— Supplied data —
--------------------------------------------------
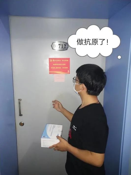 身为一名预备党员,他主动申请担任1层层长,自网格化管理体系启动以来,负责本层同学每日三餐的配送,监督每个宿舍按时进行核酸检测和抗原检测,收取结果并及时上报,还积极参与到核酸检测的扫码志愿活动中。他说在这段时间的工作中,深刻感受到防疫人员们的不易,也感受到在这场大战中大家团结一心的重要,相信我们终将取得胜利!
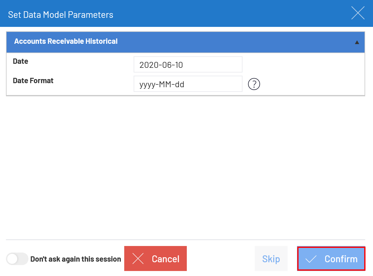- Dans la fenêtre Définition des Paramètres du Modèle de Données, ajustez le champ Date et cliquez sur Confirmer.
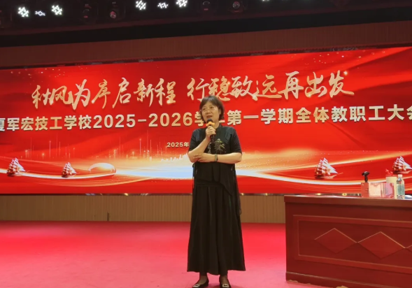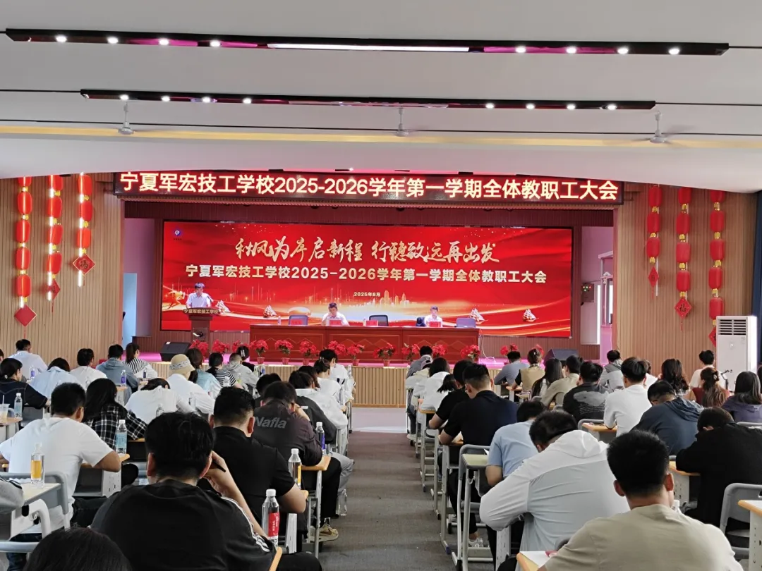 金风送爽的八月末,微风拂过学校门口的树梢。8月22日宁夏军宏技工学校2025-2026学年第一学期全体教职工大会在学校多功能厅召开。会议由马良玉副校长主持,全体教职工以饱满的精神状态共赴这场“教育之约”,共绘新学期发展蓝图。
--------------------------------------------------
— Task —
Write out every line above exactly as it is, leaving out the pictures.

— Reply to the task —
 身为一名预备党员,他主动申请担任1层层长,自网格化管理体系启动以来,负责本层同学每日三餐的配送,监督每个宿舍按时进行核酸检测和抗原检测,收取结果并及时上报,还积极参与到核酸检测的扫码志愿活动中。他说在这段时间的工作中,深刻感受到防疫人员们的不易,也感受到在这场大战中大家团结一心的重要,相信我们终将取得胜利!
- Dans la fenêtre Définition des Paramètres du Modèle de Données, ajustez le champ Date et cliquez sur Confirmer.
 金风送爽的八月末,微风拂过学校门口的树梢。8月22日宁夏军宏技工学校2025-2026学年第一学期全体教职工大会在学校多功能厅召开。会议由马良玉副校长主持,全体教职工以饱满的精神状态共赴这场“教育之约”,共绘新学期发展蓝图。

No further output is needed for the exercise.